What you need to do>
Retyped exactly and without pictures, the lines from the one with "Install the LED" through the end of the listing must form the entire answer.

Collected material>
--

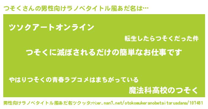 | 胡散臭い通販商品みたいなあだ名 | 『億万長者になれる霊験あらたかなお札…その名も「つそく」』 |
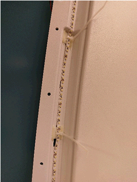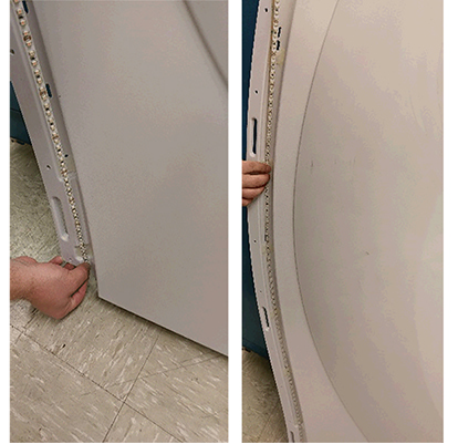 Install the LED strip starting from the bottom to the top of the panel, pealing the backing off the LED strip (approximately 12 inches) to expose the adhesive tape, and continuing up the side as the LED strip is placed. Between adhesive mounts, make sure to press the LED onto the cover to eliminate any gaps.
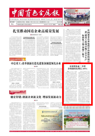 10月22日,金鉬股份(601958)披露了2018年三季報。報告期內,公司業績保持較高增長。前三季度,公司實現營業收入64.82億元,凈利潤為2.27億元,較去年同比增長499%。實現扣非凈利潤1.91億元,與去年同期相比增逾18倍。
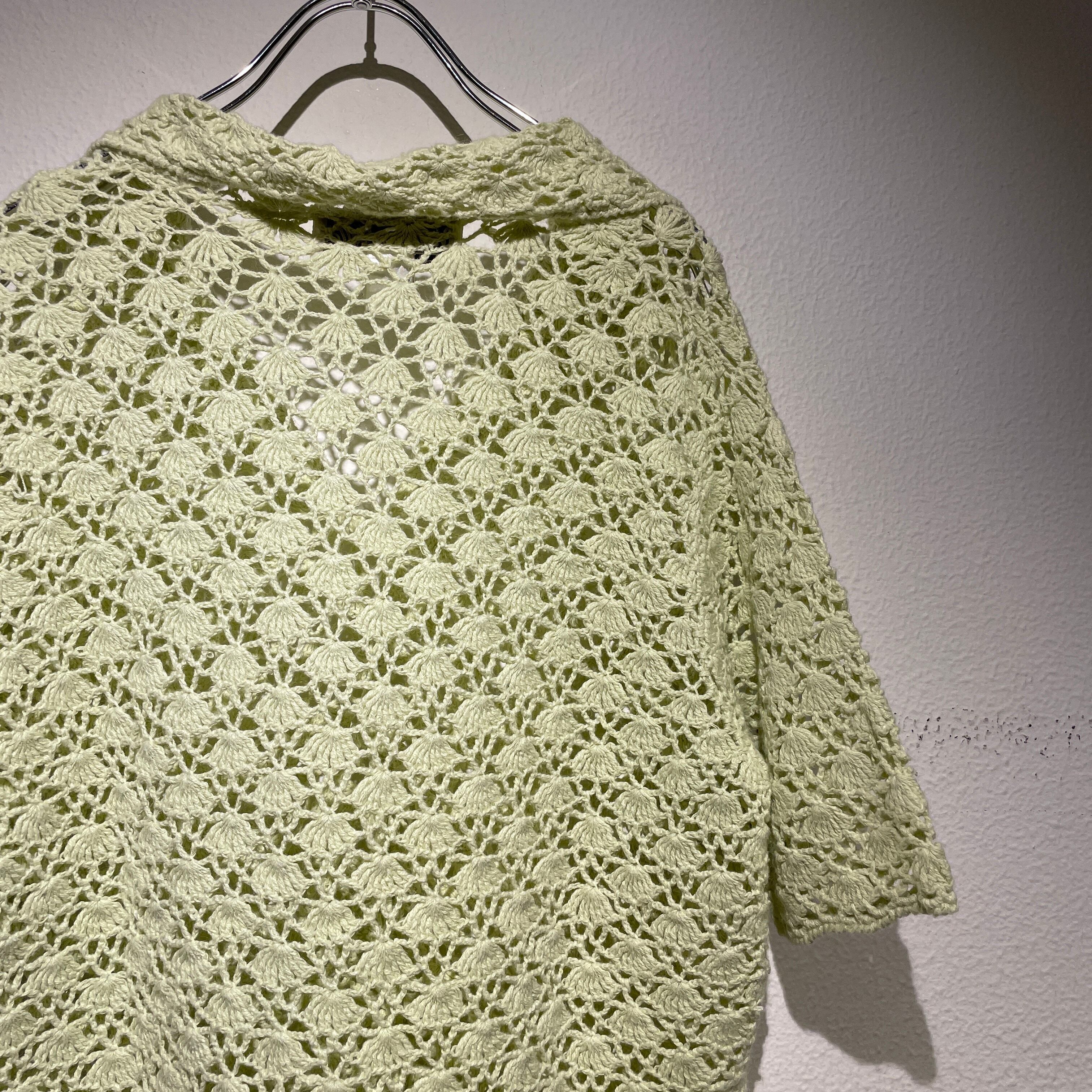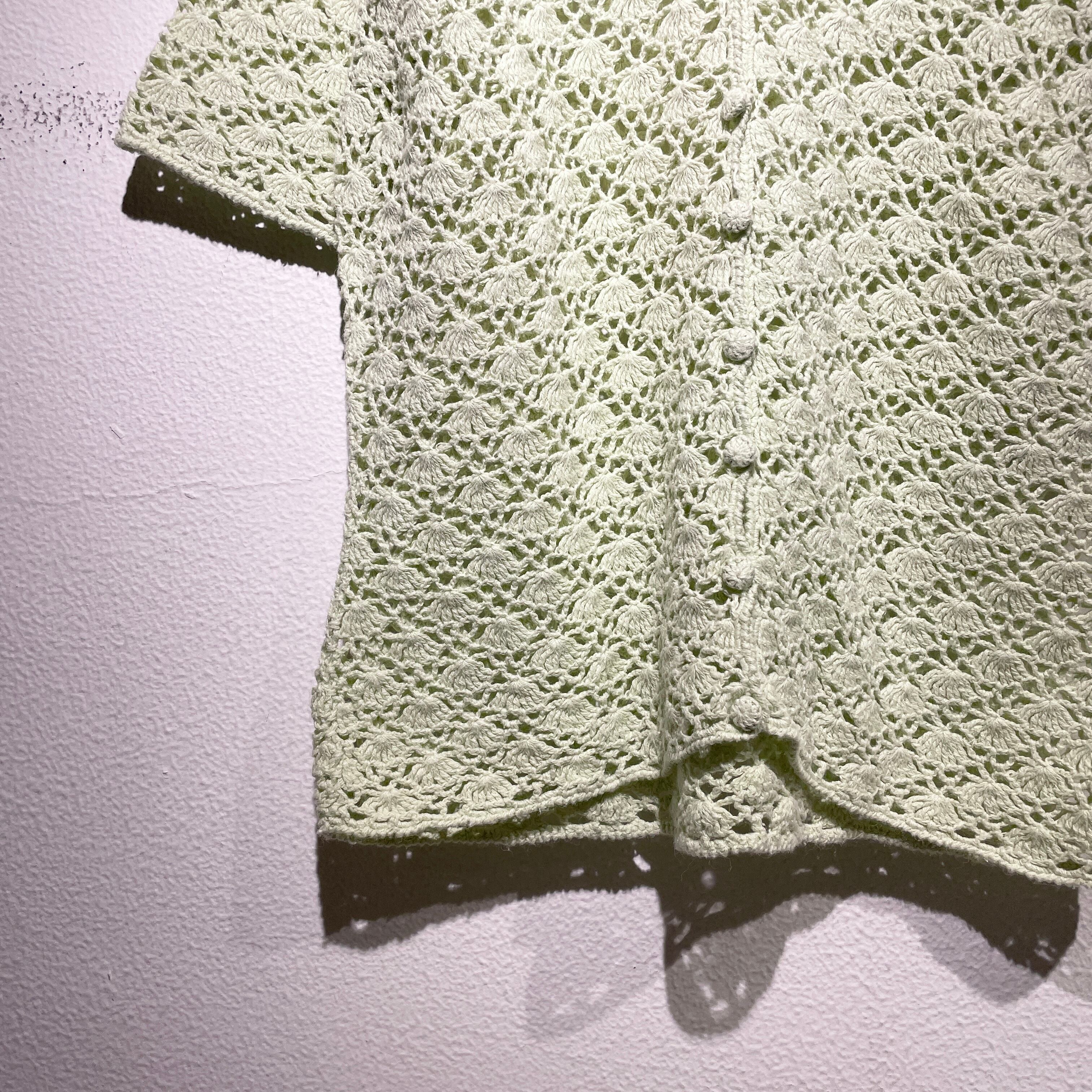 淡いグリーンが可愛い手編みのクロシェカーディガンです。

--

Result of the task>
 Install the LED strip starting from the bottom to the top of the panel, pealing the backing off the LED strip (approximately 12 inches) to expose the adhesive tape, and continuing up the side as the LED strip is placed. Between adhesive mounts, make sure to press the LED onto the cover to eliminate any gaps.
 10月22日,金鉬股份(601958)披露了2018年三季報。報告期內,公司業績保持較高增長。前三季度,公司實現營業收入64.82億元,凈利潤為2.27億元,較去年同比增長499%。實現扣非凈利潤1.91億元,與去年同期相比增逾18倍。
 淡いグリーンが可愛い手編みのクロシェカーディガンです。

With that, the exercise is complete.